### TASK GOAL
The answer should consist of the records below, repeated exactly, and no pictures.

DATA SHOWN Start Marker

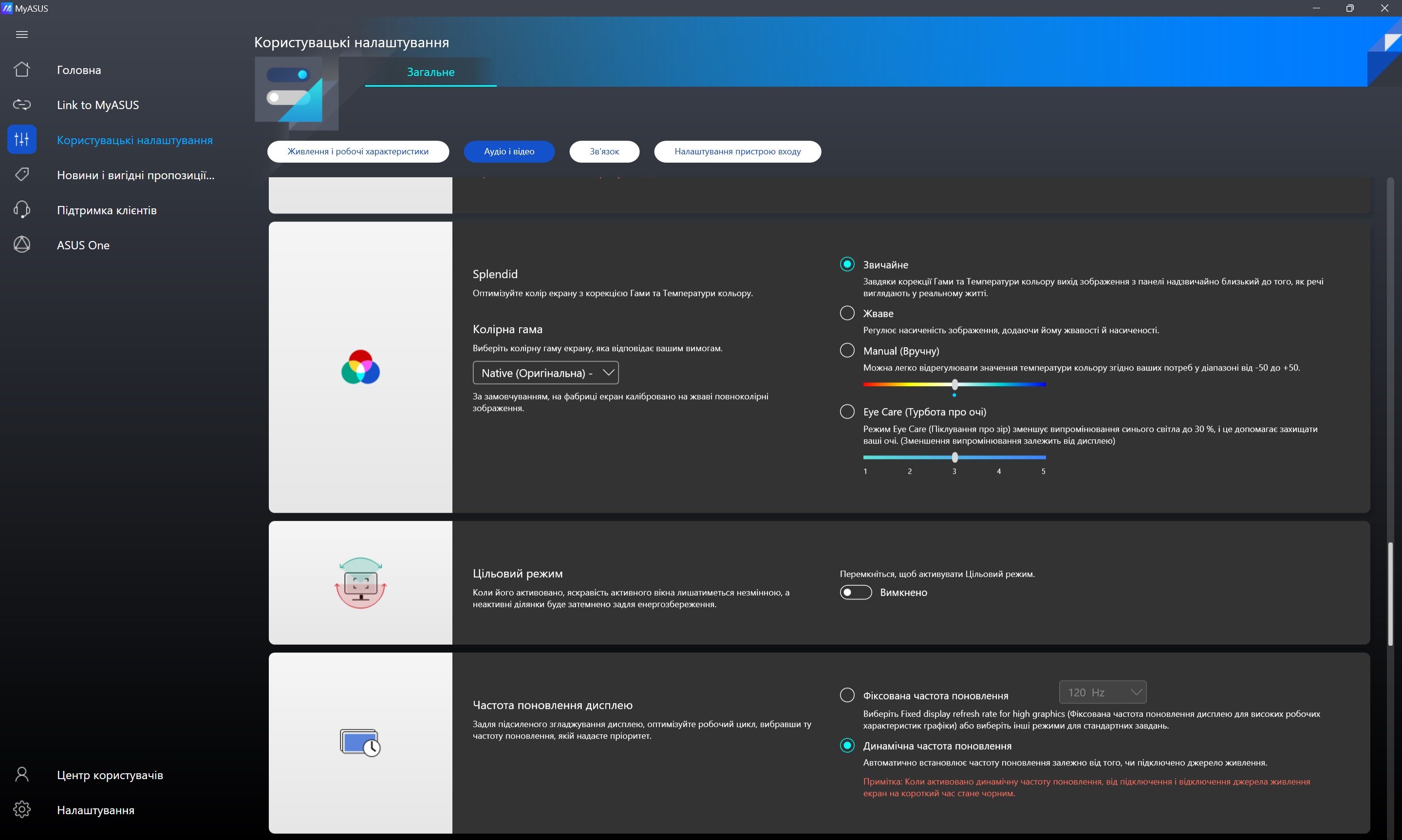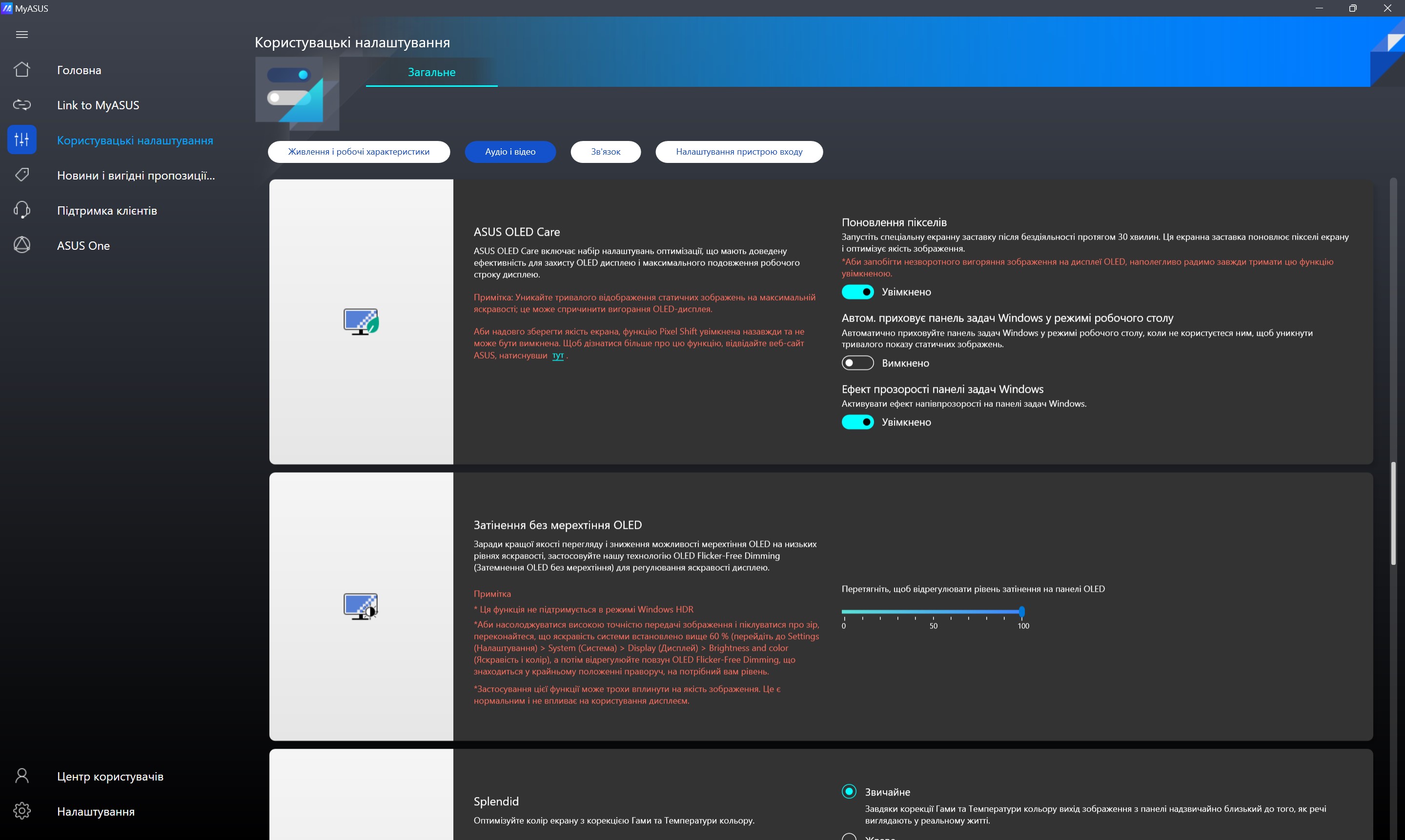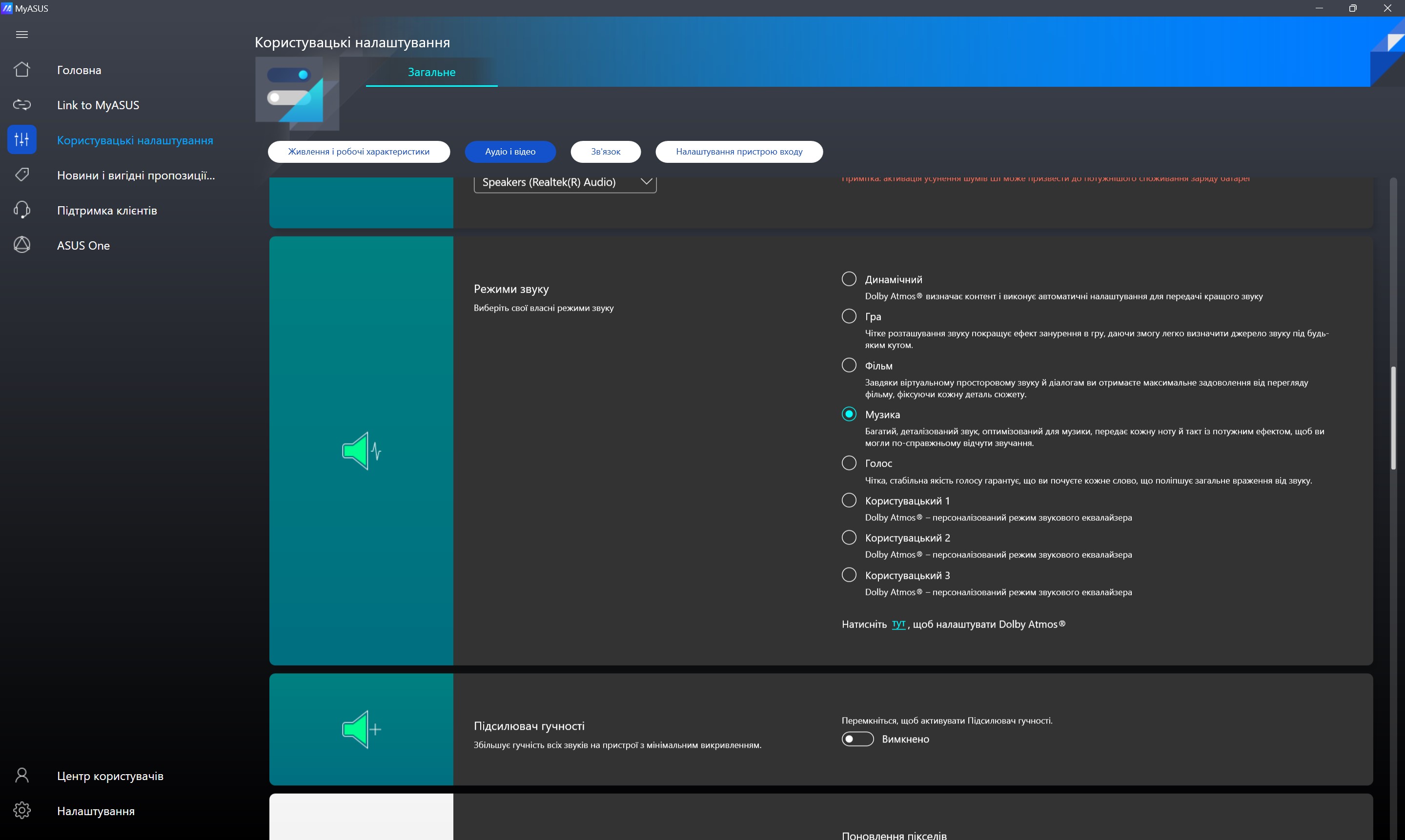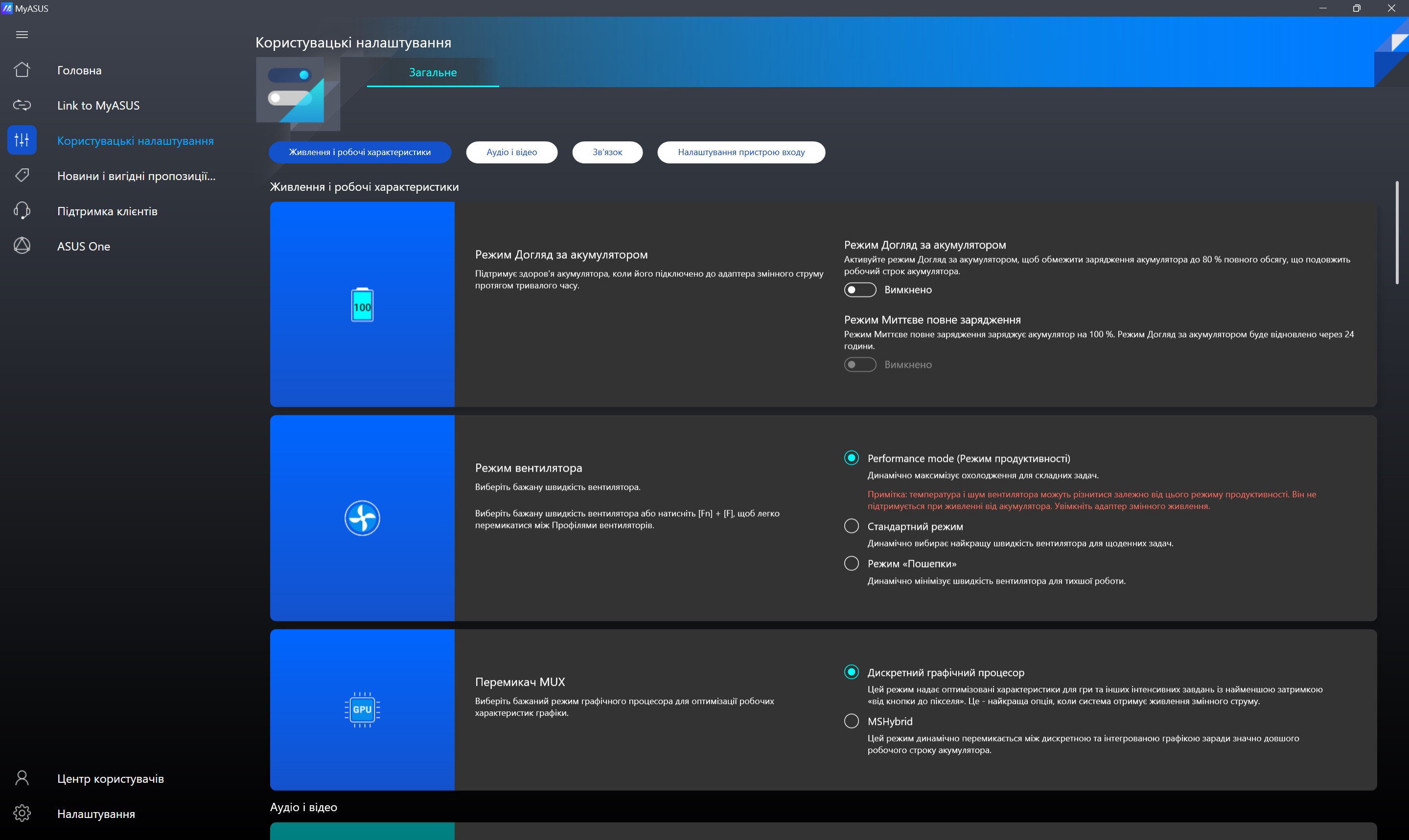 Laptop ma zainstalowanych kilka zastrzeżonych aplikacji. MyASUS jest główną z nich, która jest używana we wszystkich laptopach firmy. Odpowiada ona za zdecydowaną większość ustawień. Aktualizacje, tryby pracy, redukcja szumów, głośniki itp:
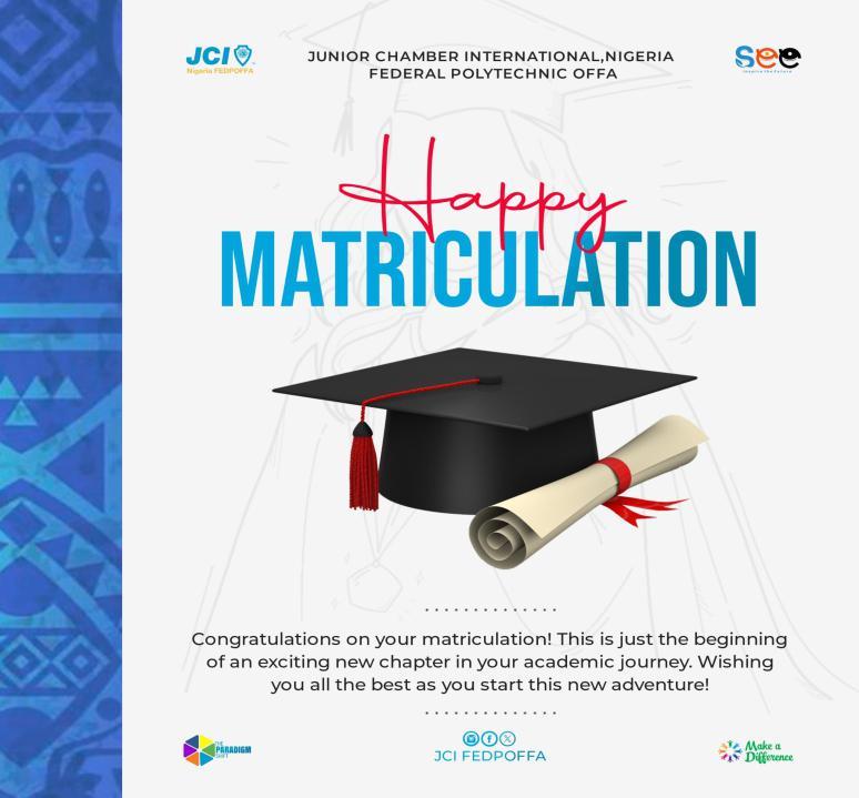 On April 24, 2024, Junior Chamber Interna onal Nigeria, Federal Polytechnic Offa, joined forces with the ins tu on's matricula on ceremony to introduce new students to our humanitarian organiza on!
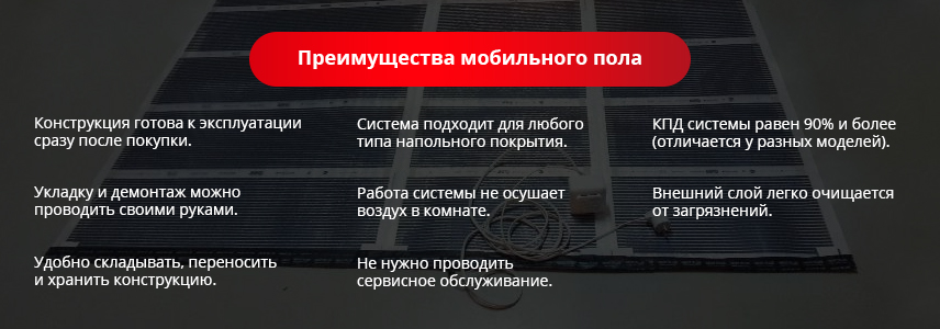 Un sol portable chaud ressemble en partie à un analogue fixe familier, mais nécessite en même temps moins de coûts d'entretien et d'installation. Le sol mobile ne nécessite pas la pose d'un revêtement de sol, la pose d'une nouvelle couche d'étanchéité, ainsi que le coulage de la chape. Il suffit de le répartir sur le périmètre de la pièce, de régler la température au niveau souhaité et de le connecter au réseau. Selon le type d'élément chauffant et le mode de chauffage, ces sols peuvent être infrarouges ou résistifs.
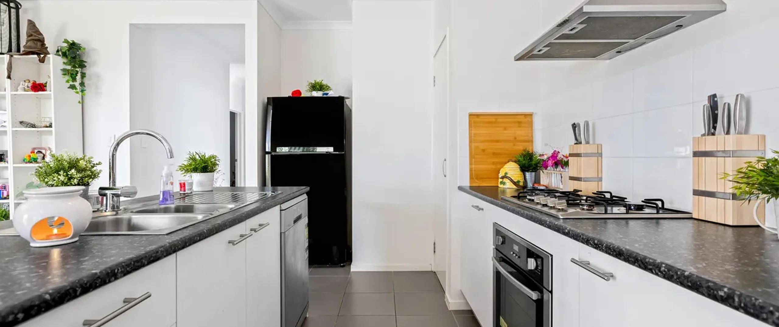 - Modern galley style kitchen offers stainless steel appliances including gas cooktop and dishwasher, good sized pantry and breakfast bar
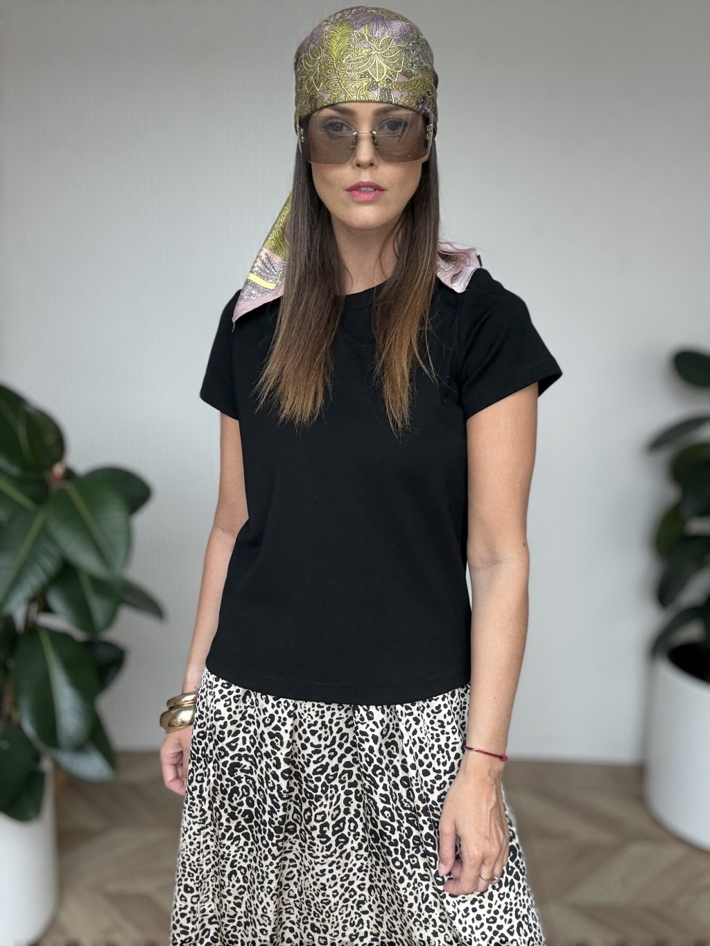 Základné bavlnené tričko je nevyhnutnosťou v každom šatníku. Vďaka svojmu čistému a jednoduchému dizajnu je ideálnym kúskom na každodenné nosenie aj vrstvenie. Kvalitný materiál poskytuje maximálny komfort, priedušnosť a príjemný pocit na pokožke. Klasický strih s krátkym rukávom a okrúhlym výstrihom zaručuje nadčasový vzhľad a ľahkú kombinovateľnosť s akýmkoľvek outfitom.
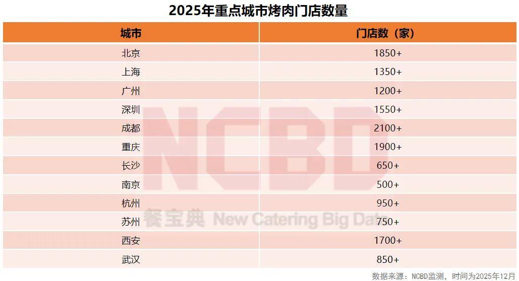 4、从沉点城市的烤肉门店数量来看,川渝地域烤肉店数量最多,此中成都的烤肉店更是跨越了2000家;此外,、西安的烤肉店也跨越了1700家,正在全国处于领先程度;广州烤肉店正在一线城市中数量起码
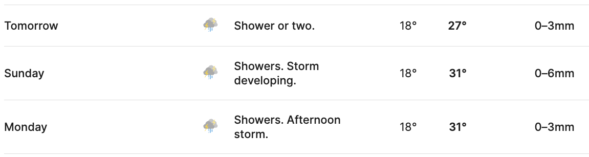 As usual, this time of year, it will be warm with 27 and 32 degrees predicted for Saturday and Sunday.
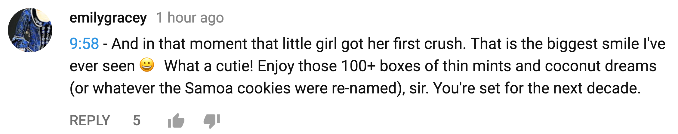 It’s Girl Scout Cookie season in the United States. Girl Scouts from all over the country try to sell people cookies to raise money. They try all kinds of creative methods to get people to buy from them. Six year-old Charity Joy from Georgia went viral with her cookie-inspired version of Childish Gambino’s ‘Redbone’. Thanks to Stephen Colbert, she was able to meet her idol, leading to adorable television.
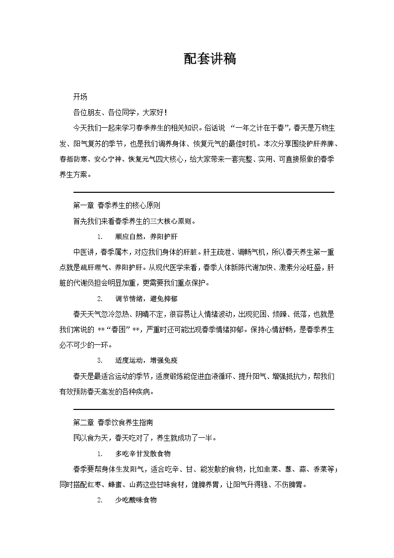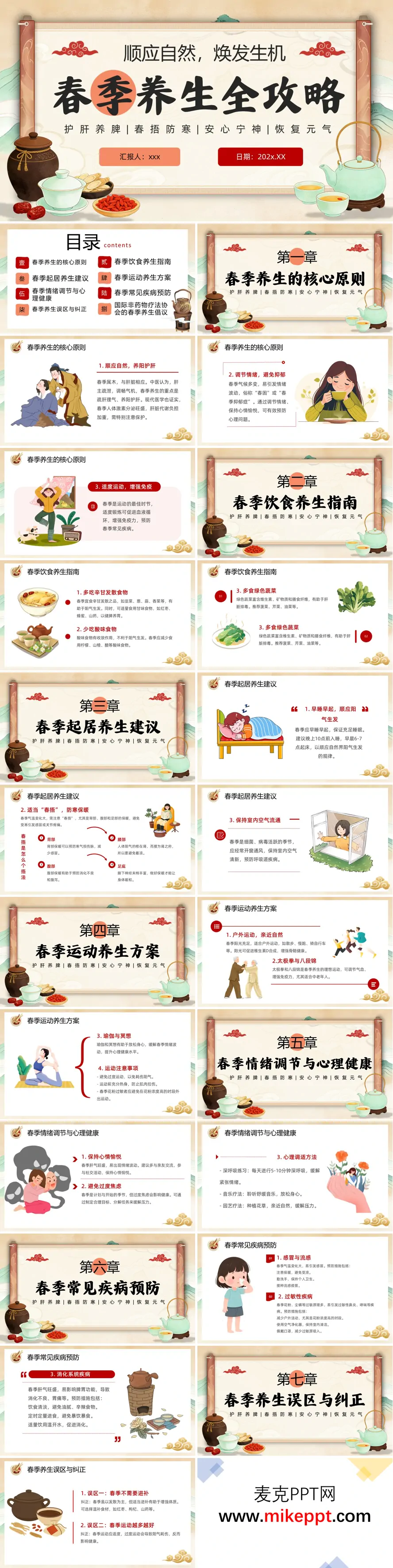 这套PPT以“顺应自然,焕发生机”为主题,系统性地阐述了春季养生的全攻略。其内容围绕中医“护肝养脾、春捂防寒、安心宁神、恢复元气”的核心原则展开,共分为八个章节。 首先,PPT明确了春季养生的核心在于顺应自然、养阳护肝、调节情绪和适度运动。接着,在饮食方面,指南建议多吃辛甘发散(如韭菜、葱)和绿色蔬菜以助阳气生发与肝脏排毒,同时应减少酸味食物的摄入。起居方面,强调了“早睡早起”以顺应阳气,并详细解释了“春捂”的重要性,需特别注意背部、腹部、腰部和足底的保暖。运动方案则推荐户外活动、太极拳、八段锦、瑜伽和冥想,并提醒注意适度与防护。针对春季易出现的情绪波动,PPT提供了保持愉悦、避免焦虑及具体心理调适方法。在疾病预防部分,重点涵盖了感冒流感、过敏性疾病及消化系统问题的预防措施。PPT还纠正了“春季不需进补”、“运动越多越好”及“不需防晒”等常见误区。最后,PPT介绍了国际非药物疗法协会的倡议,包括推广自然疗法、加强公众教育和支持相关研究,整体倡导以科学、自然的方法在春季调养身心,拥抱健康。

DATA SHOWN End Marker

### TASK SOLUTION
 Laptop ma zainstalowanych kilka zastrzeżonych aplikacji. MyASUS jest główną z nich, która jest używana we wszystkich laptopach firmy. Odpowiada ona za zdecydowaną większość ustawień. Aktualizacje, tryby pracy, redukcja szumów, głośniki itp:
 On April 24, 2024, Junior Chamber Interna onal Nigeria, Federal Polytechnic Offa, joined forces with the ins tu on's matricula on ceremony to introduce new students to our humanitarian organiza on!
 Un sol portable chaud ressemble en partie à un analogue fixe familier, mais nécessite en même temps moins de coûts d'entretien et d'installation. Le sol mobile ne nécessite pas la pose d'un revêtement de sol, la pose d'une nouvelle couche d'étanchéité, ainsi que le coulage de la chape. Il suffit de le répartir sur le périmètre de la pièce, de régler la température au niveau souhaité et de le connecter au réseau. Selon le type d'élément chauffant et le mode de chauffage, ces sols peuvent être infrarouges ou résistifs.
 - Modern galley style kitchen offers stainless steel appliances including gas cooktop and dishwasher, good sized pantry and breakfast bar
 Základné bavlnené tričko je nevyhnutnosťou v každom šatníku. Vďaka svojmu čistému a jednoduchému dizajnu je ideálnym kúskom na každodenné nosenie aj vrstvenie. Kvalitný materiál poskytuje maximálny komfort, priedušnosť a príjemný pocit na pokožke. Klasický strih s krátkym rukávom a okrúhlym výstrihom zaručuje nadčasový vzhľad a ľahkú kombinovateľnosť s akýmkoľvek outfitom.
 4、从沉点城市的烤肉门店数量来看,川渝地域烤肉店数量最多,此中成都的烤肉店更是跨越了2000家;此外,、西安的烤肉店也跨越了1700家,正在全国处于领先程度;广州烤肉店正在一线城市中数量起码
 As usual, this time of year, it will be warm with 27 and 32 degrees predicted for Saturday and Sunday.
 It’s Girl Scout Cookie season in the United States. Girl Scouts from all over the country try to sell people cookies to raise money. They try all kinds of creative methods to get people to buy from them. Six year-old Charity Joy from Georgia went viral with her cookie-inspired version of Childish Gambino’s ‘Redbone’. Thanks to Stephen Colbert, she was able to meet her idol, leading to adorable television.
 这套PPT以“顺应自然,焕发生机”为主题,系统性地阐述了春季养生的全攻略。其内容围绕中医“护肝养脾、春捂防寒、安心宁神、恢复元气”的核心原则展开,共分为八个章节。 首先,PPT明确了春季养生的核心在于顺应自然、养阳护肝、调节情绪和适度运动。接着,在饮食方面,指南建议多吃辛甘发散(如韭菜、葱)和绿色蔬菜以助阳气生发与肝脏排毒,同时应减少酸味食物的摄入。起居方面,强调了“早睡早起”以顺应阳气,并详细解释了“春捂”的重要性,需特别注意背部、腹部、腰部和足底的保暖。运动方案则推荐户外活动、太极拳、八段锦、瑜伽和冥想,并提醒注意适度与防护。针对春季易出现的情绪波动,PPT提供了保持愉悦、避免焦虑及具体心理调适方法。在疾病预防部分,重点涵盖了感冒流感、过敏性疾病及消化系统问题的预防措施。PPT还纠正了“春季不需进补”、“运动越多越好”及“不需防晒”等常见误区。最后,PPT介绍了国际非药物疗法协会的倡议,包括推广自然疗法、加强公众教育和支持相关研究,整体倡导以科学、自然的方法在春季调养身心,拥抱健康。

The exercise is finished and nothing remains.